By Trina Roache
APTN National News
Family and friends of Chrisma Denny are asking a lot of questions about the young Mi’kmaq woman missing for two months.
They wonder where she is.
Is she alive?
They ask themselves what they could’ve done to help her – as family, as a community – and why did it take so long to report her missing?
After all, it was nearly two months before anyone noticed she was gone.
At age 23, it appears Chrisma Joy Denny slipped through the cracks.
She struggled with drug use, poverty, the child welfare system and homelessness. She’s described as “quiet”and “a loner.” She often took off to the nearby city of Sydney and as far as New Brunswick’s Elsipogtog First Nation, sometimes hitchhiking to get there.
Her father Keith Denny says it wasn’t unusual for Chrisma to go away for periods of time.
His other daughter Wasowek started asking around and couldn’t get a straight answer. It was last week, when they realized Chrisma hadn’t picked up any of her welfare cheques since September 11, that they made the call to police.
“I had a gut feeling,” says Keith. “I was worried about her and that’s when we reported her missing.”
Wednesday, close to 40 people from the Eskasoni First Nation gathered to ask the question – what do we do to find her?
“The family is putting up posters and through social media we’re sharing her picture all across Canada,” says Chrisma’s aunt, Elaine Denny. “I just hope that somebody recognizes her, alive, walking around, you know, and calls the police right away.”

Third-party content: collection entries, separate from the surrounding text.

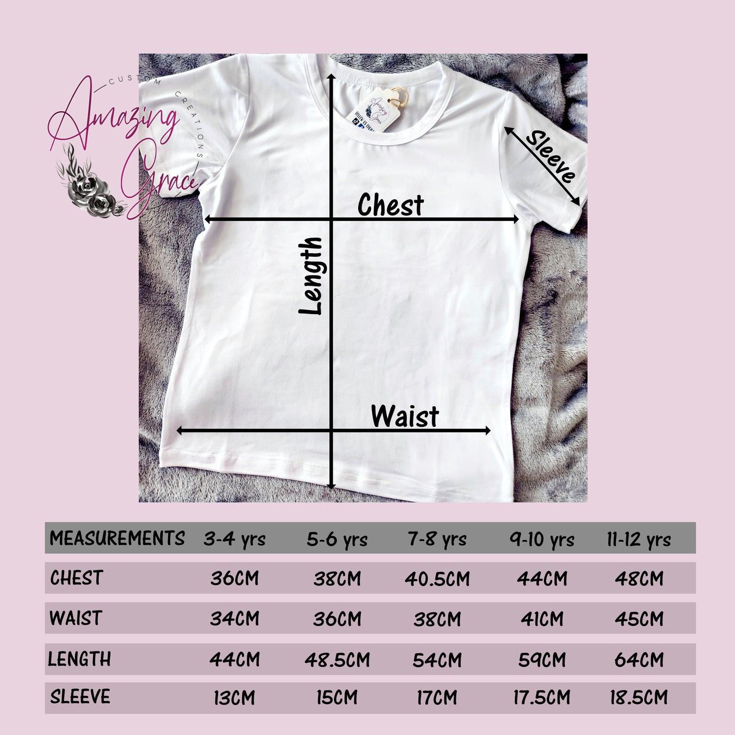 T-shirt 100% poly. Generous fit sizing, please see size chart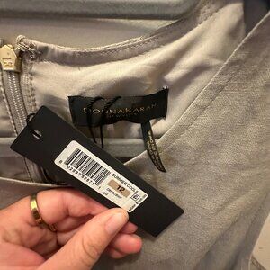 Donna Karan New York sleeveless button-front midi dress, size 12. Neutral gray tone, classic and versatile. Brand new with tags, MSRP $365.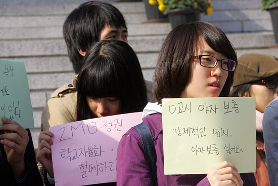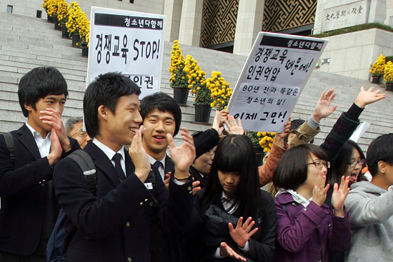 '학생의 날' 80돌을 맞이하는 3일, 세종문화회관 앞에서 21세기청소년공동체 '희망',참교육학무모회, 전교조 등 청소년단체, 교육단체들은 '청소년들이 행복해지기 위해 없어져야 할 5가지 키워드-두발복장규정, 학생이라는 편견, 2MB정권, 0교시및 야간자율학습, 체벌'를 선정해 발표했다.사진은 5가지 키워드를 적은 종이를 버리는 청소년들의 퍼포먼스.[사진-통일뉴스 조성봉 기자]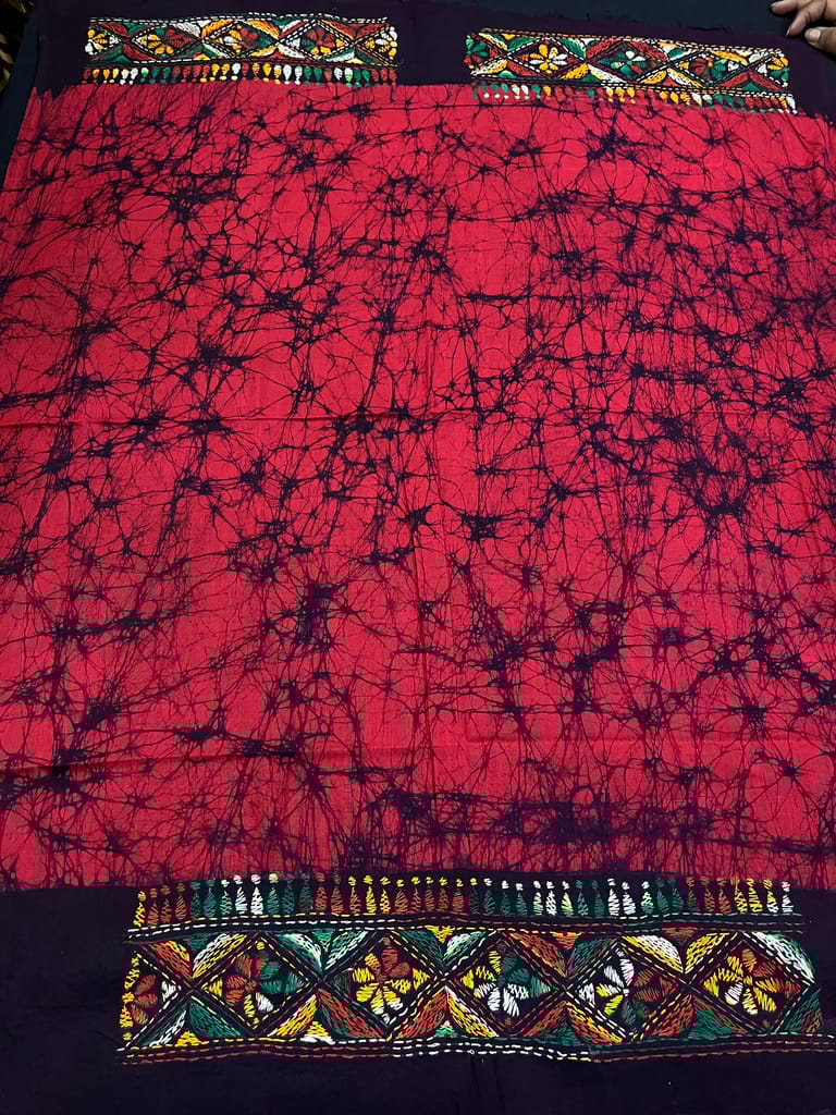 Kanthawork Blouse Piece is Purely Hand-Embroidered on the Back Neck and Sleeves Portion
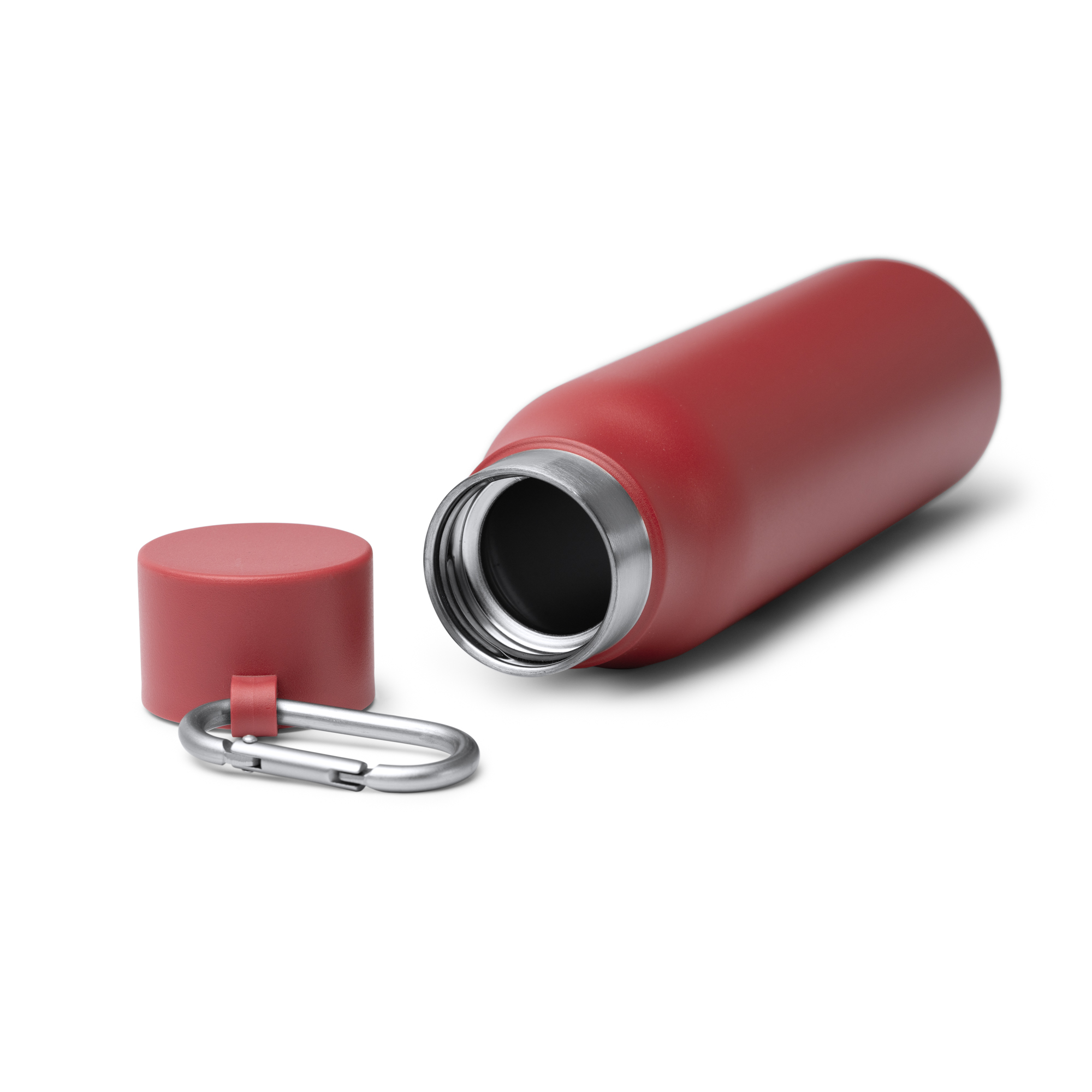 Bidón térmico de doble pared elaborado en acero inoxidable 304 reciclado en acabado mate. Capacidad de 550 ml. Tapón a juego. Incluye mosquetón para transporte.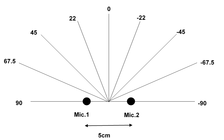 当两个麦克风距离(distance)为5cm时,下图描述音源方向(direction)来源的定义: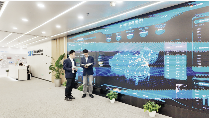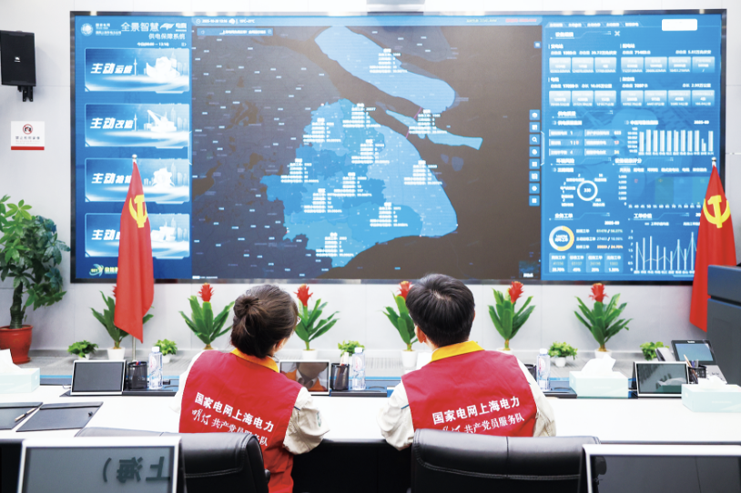 图为国网上海电力工作人员查看全景智慧供电保障8.0 系统。吴晓旭/摄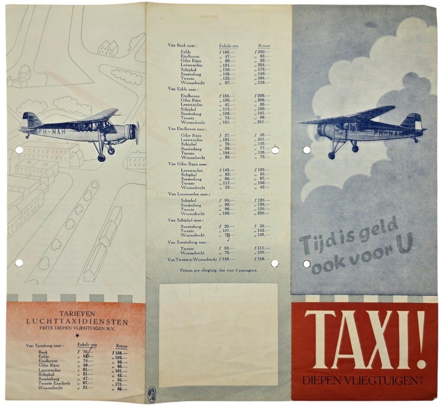 Gedrukte flyer met tarieven voor luchttaxidiensten per vliegtuig. Het document toont prijstabellen voor enkele reizen en retourvluchten tussen Nederlandse vliegvelden, aangevuld met illustraties van lichte vliegtuigen en bedrijfsnaamgeving.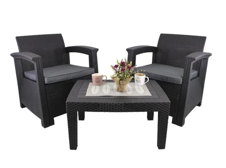 Набір садових меблів штучний чорний ротанг. М'які меблі Garden Line BERNY для дачі, саду та тераси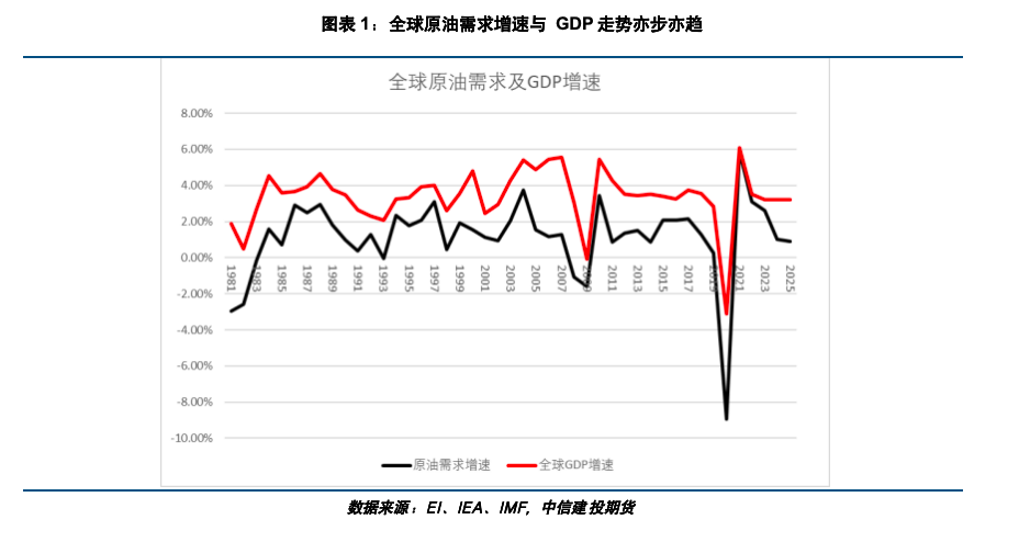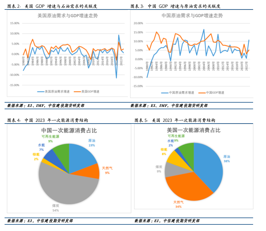 原油主要用在交通运输行业,在发达经济体中原油的需求主要集中在民众消费,在发展中经济体中,原油的需求主要集中在工业领域。原油的需求变化与GDP增长率保持高度相关。

“The family is pleading for the public’s help to get her face out there all over the province, and even all over the country,” says Eskasoni’s Chief Leroy Denny. “We’re asking for help from other First Nation communities.”
When Chrisma aged out of foster care at age 18, she had no place to go. Eskasoni is a tight knit community, but, like many First Nations, faces a housing shortage.
“There are apartments, but not enough, especially for young adults,” says Elaine Denny. “She was homeless and on welfare. She’s only 23 and she was on the streets, of course she’d be vulnerable to anything.”
Chrisma Denny, the latest name to appear in social media with the hashtag MMIW, wears all of the statistics that put Aboriginal women at risk.
“We want a public inquiry now. ASAP,” her aunt says. “We don’t want her to be put on the back burner…Aboriginal people are always put on the back burner. She’s a human, just like everybody else and we need her found.”
It’s clear at the meeting in Eskasoni that Chrisma has a large circle of family and friends that care about her.
“She’s a daughter and she’s loved and we don’t need this finger pointing or to be judged at this time,” says Chief Denny. “It’s a life, a human being and we need help from the general public.”
The group sorts through rumours on Facebook and target places to post flyers, calling shelters and friendship centres from Cape Breton to Toronto.
Unable to sit still, Keith and Wasowek Denny get in their car to head out to look for her. They’ll drive around areas of Sydney posting flyers in stores and on lamp posts, hoping to find someone who’s seen her.
The major crime unit of Cape Breton police is working with the RCMP. No one is commenting on the investigation at this time.
Anyone with information can contact Cape Breton Regional Police at 902-563-5151, Eskasoni RCMP at 902-379-2822, or through CrimeStoppers.